Prima ancora di parlare dell’uomo e della sua relazione con l’altro, Noi parla prima di tutto degli Stati Uniti. Il titolo originale, Us, non è solo un riferimento al pronome, e dunque alla collettività che siamo e che ci rappresenta, ma è anche un chiaro rimando agli USA. Il costante richiamo al luogo in cui è ambientata l’opera, non solo tirata in causa direttamente da Red in una sequenza in cui descrive se stessa e gli Incatenati come la reale America, ma anche affrontata attraverso una vera e propria operazione di sottomissione degli Stati Uniti ad una profonda rilettura parodistica (come l’esplicita citazione all’evento degli anni ’80 denominato Hands Across America), diventa un modo per Peele per chiarire apertamente il soggetto della sua analisi: le dinamiche sociali che determinerebbero tutt’oggi lo sfondo sul quale si sviluppa la vita quotidiana di ogni cittadino americano.

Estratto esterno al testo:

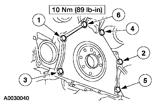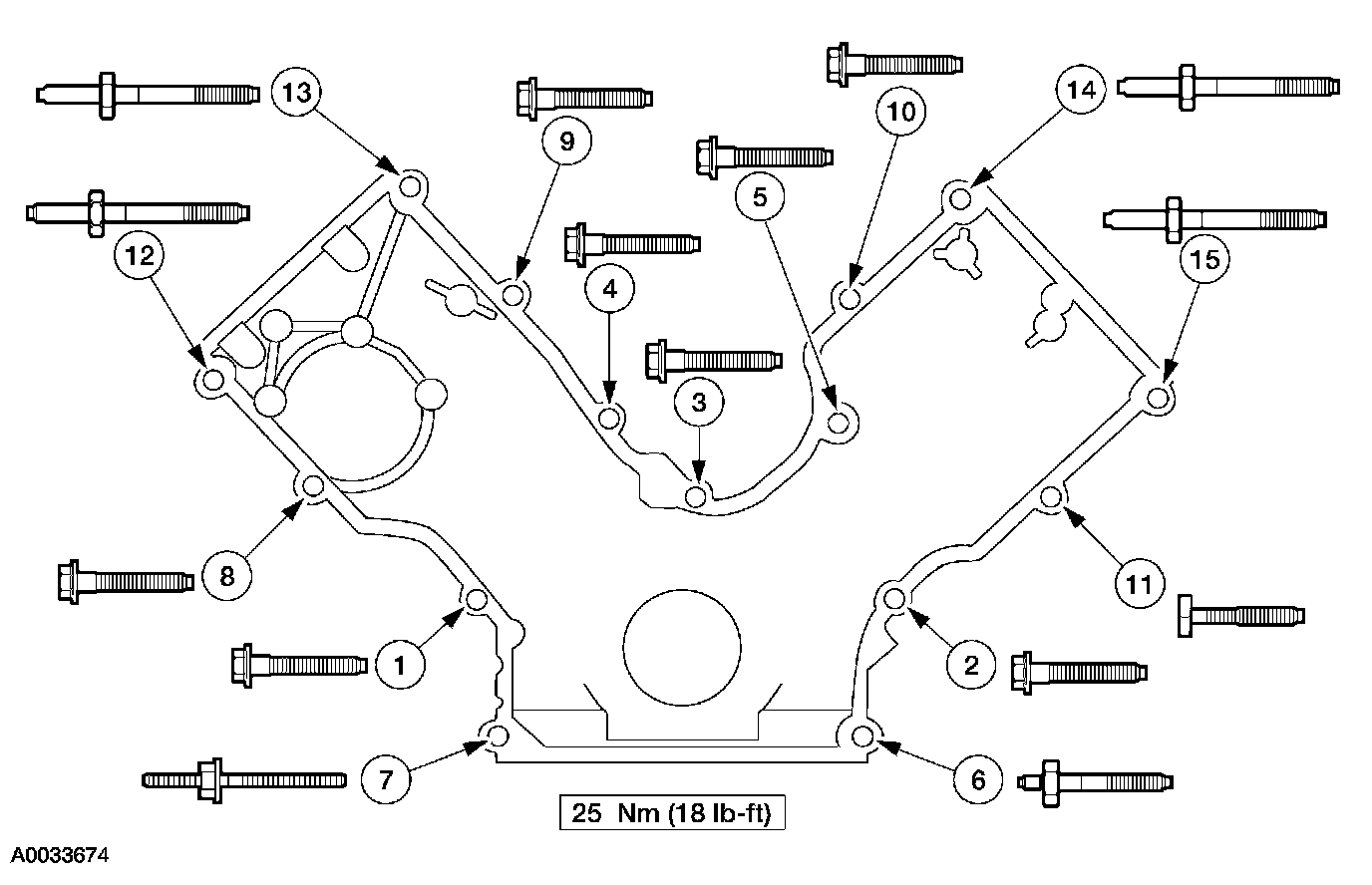 50. Tighten the front cover bolts and stud bolts in the sequence shown.

In tal senso, Noi sembra riprendere il concetto tradizionale di classe per strutturare il proprio intreccio, individuando pertanto nelle differenze tra le persone “reali” del film e le loro ombre (gli Incatenati) un effettivo corrispettivo con la realtà. A differenza di Get Out, nel quale la critica al classismo era marginale rispetto alla critica verso la differenziazione e discriminazione razziale, in Noi il discorso verte direttamente sulla differenza tra ceti bassi, medi e alti. Una prima differenza al quale lo spettatore viene chiamato a dare il proprio giudizio è quella tra la famiglia di Adelaide e la famiglia di Kitty (Elizabeth Moss). Quest’ultimi vengono presentati come persone odiose il cui comportato è quasi interamente definito dalla loro grande disponibilità economica, a differenza della famiglia di Adelaide che, appartenendo al ceto medio, sembra vivere in equilibrio tra l’agio e l’umiltà. La caricatura diventa per Peele una categoria descrittiva: le famiglie sembrano così diverse perché lo sono realmente, e la differenza nel capitale, non solo economico ma anche e soprattutto sociale (per dirla con Bourdieu), sembra essere fondamentale nel caratterizzarne i tratti.

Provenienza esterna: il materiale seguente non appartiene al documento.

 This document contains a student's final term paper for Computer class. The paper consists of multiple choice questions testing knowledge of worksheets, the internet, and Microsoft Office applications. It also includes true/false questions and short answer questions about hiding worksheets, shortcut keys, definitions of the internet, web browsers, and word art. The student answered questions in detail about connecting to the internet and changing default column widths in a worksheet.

L’enfasi maggiore tuttavia viene data al ruolo degli Incatenati, una rappresentazione estrema dei meno abbienti. La scelta di Jordan Peele di assegnare questa parte alla figura del doppelgänger è, in tal senso, molto interessante. Se da un lato vi è un proseguimento della critica al classismo, con la sovversione che sembra darsi come l’unica risposta all’oppressione, dall’altro sembra esserci da parte del regista e sceneggiatore statunitense l’intenzione di abbozzare anche un’analisi psicologica dell’uomo contemporaneo. Il doppio diventa così l’espressione del lato celato, dell’essere contro l’apparire: un concetto di certo non originale, ma affrontato perlomeno con uno sguardo differente.

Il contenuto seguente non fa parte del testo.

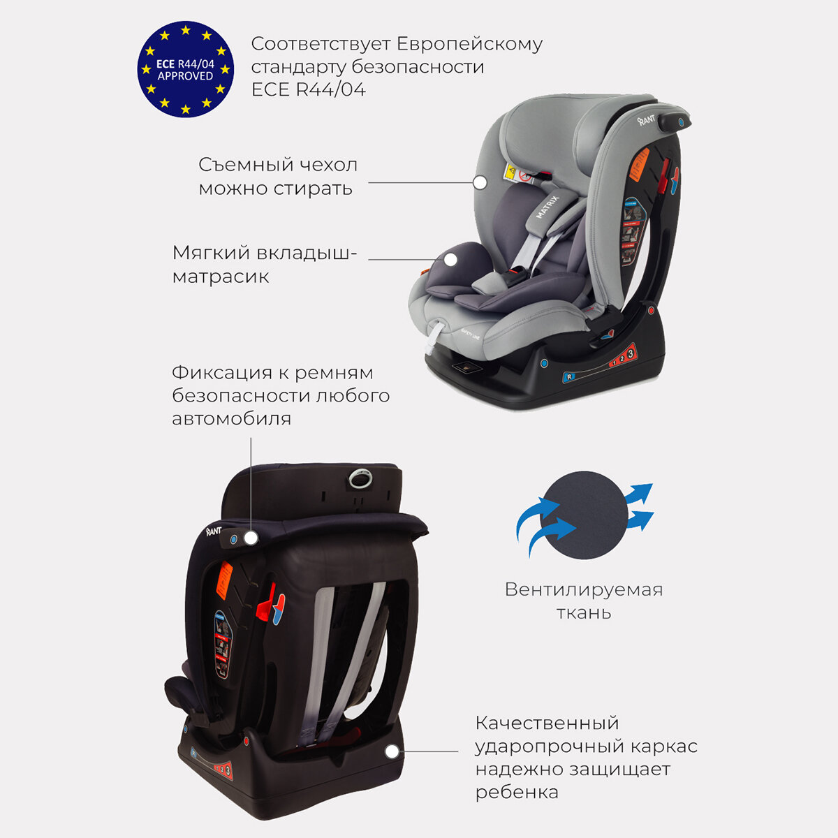 Автокресло Rant AY913 ''MATRIX'' Safety Line (Storm Grey) группа 0 -1-2-3(0-36 кг)

Per quanto riguarda la messa in scena, Jordan Peele si riconferma un cineasta molto attento alla cura e ai dettagli del suo lavoro. Anche qui, come in Get Out, ritorna la strizzata d’occhio al cinema hitchcockiano, e i riferimenti alla cultura pop degli anni ’70 e ’80 sono molteplici, dalle piccole citazioni (come a Lo squalo di Steven Spielberg) agli importanti richiami a Michael Jackson (si pensi ad esempio all’abbigliamento degli Incatenati). Ma il vero fulcro di Noi è senza ombra di dubbio Lupita Nyong’o, che, parallelamente a quanto svolto da Toni Collette in Hereditary (Ari Aster, 2018), riesce attraverso la sua interpretazione a trasformare l’opera da un semplice film apprezzabile a un vero e proprio must per gli appassionati del thriller–horror contemporaneo.